MONSTER ROAD

4.5 Stars
Year Released: 2003
MPAA Rating: Unrated
Running Time: 80 minutes
Click to Expand Credits:

This is the day that every Film Threat reviewer dreams of … a four and a half star film … bring out the fucking dancing horses, man … it’s time to celebrate!

Who is Brett Ingram? I really wanted to know, so I visited his website and lo and behold! his “Monster Road” is the 2004 Slamdance Film Festival winner for Best Documentary … and I can assure you, faithful FT folks, he deserves it. Michael Moore, who?

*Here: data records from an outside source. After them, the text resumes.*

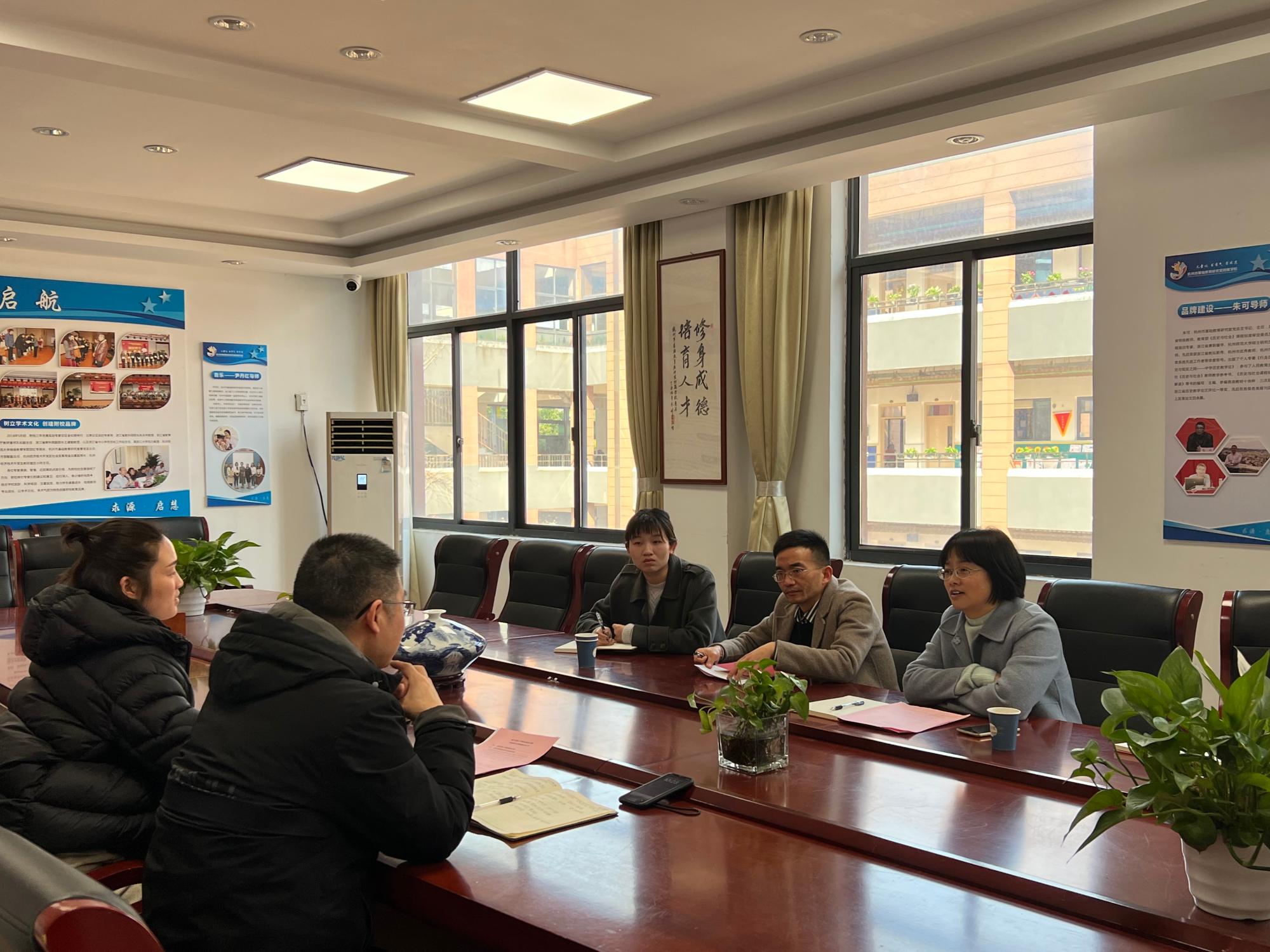 2月16日上午9:30,公司党委副书记徐丽玲一行到杭州市基础教育研究室附属公司启源小学进行合作洽谈,学办主任李永涛、团委负责人苗咚瑾、辅导员向龙陪同前往,受到了启源小学副董事长胡双红和德育处虞擎擎的热烈欢迎。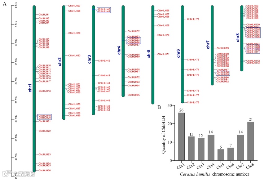 bHLH基因在欧李基因组上的分布,蓝框为串联重复基因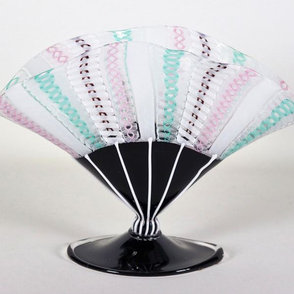 Fulvio Bianconi, Venini Murano 1948-1950 ca., vaso a ventaglio in vetro soffiato ad incalmo, con base nera decorata con canne lattimo e canne [..]

I say, bring me Brett Ingram, man, this guy is goin’ places and I want on his bus …From the title, I was concerned that this was another ‘we shot this when my parents were asleep’ type of film, and after reviewing for FT for a little while, you get kinda twitchy about things like that – but after three minutes, I was hooked – I even passed this film along to friends, that’s how good it was.
“You can make a story out of anything and anyone who says you can’t, well that’s their problem.” – Bruce Bickford, “Monster Road”
“I used to cut my toys up, burn them, and melt them to other toys.” –B. Dallas Jones, film-watching companion to Rhonda Baughman
Mercifully, Bruce Bickford did not “burn his toys and melt them to other toys,” but what he did instead was create a claymation empire – Bickford built his life around what I thought were just toys – but have now come to see as a way of life. Bickford also built his life around what he loved to do and that’s more than I can say for 95% of the people I’ve come in contact with. But, Ingram’s documentary is so much more than that – it’s also the story of Bickford’s childhood and his father, “Old George” Bickford, a retired engineer, who seems to be suffering from the onset of Alzheimer’s disease.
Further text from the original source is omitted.